Of course those decisions have a cost, but the cost would have been far greater, for families and the economy, if we had failed to act. We could have followed previous Governments and watched from the sidelines; we could have listened to those who opposed all those measures last year. But if we had, I believe that we would still be in recession. I am also certain that the pain caused would have been worse and more widely felt.
Indeed, in the recession of the 1990s the rate of home repossessions was twice as high as now. That would have been the cost of abandoning families to their fate. Double the rate of business failures: that would have been the cost of failing to support business through this recession. And because of the policy decisions that we made, the Bank of England has been able to take decisive monetary policy action during the downturn. Interest rates have been held at record lows-below 1 per cent.-although they were at double figures for almost three years in the early 1990s.
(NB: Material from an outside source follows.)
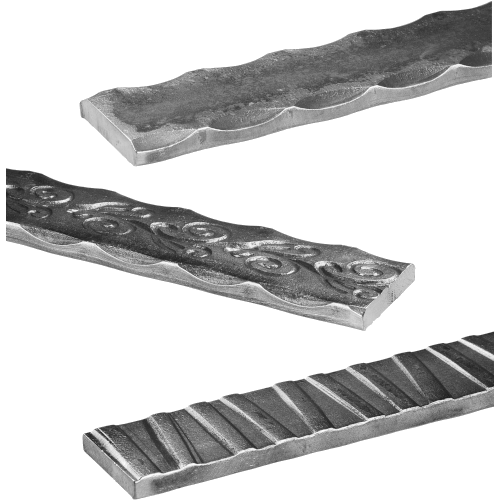 長尺素材(フラットバー) 2コーナー槌目模様フラットバー 000.30.243 価格(税別):¥3,380在庫:標準製作技法・材質:ロール加工断面:20X8mm...

But more than anywhere else, we can see the impact of our choices in the state of the jobs market here. Unemployment has been rising in this country, as it has been around the world. Last week's figures, however, showed that UK unemployment had fallen, and is lower than unemployment in the euro area and unemployment in the United States. Even after the severity of this recession, the claimant count stands today at 1.6 million people. This compares with 3 million people in the recessions of the early 1980s and 1990s. Nor, because of a decade of welfare reform, has there been the massive increase in the numbers on inactivity benefits that we saw in the 1980s and 1990s.
I can tell the House that the claimant count today is still lower than the number we inherited in 1997. That has not happened by chance; it has happened because of the choices that we made. It is because of the tremendous efforts by business and work forces to keep people in jobs. It is also because, as the global storm hit our country, we responded with an additional £5 billion to help people find new work more quickly. We expanded the Jobcentre Plus network and offered support through the rapid response service at firms hit by redundancies.
It is clear that our approach is making a difference. Nearly 4 million people have been helped off the claimant count in the last year alone. With personalised support, around three quarters of those losing a job are leaving the claimant count within six months. Indeed, if this recession had followed the course of the last one, four times as many jobs would have disappeared.
The flexibility of the tax credits system has also provided automatic support, compensating families for loss of income due to shorter working hours and part-time working. I can tell the House that this year 440,000 families have benefited from this extra help-on average by £38 more per week-when they need it most. Despite all this support, there are groups that are likely to need more help, even as the economy recovers. For older workers, I want to extend the support provided by tax credits. To make it easier for those over 60 to receive working tax credit, we will reduce the minimum number of hours they need to work to be eligible. To enable people who want to work longer to do so, we are now consulting on reform of employers' right to make people retire at 65. We are looking at options that include scrapping the default retirement age, raising it or giving employees stronger rights.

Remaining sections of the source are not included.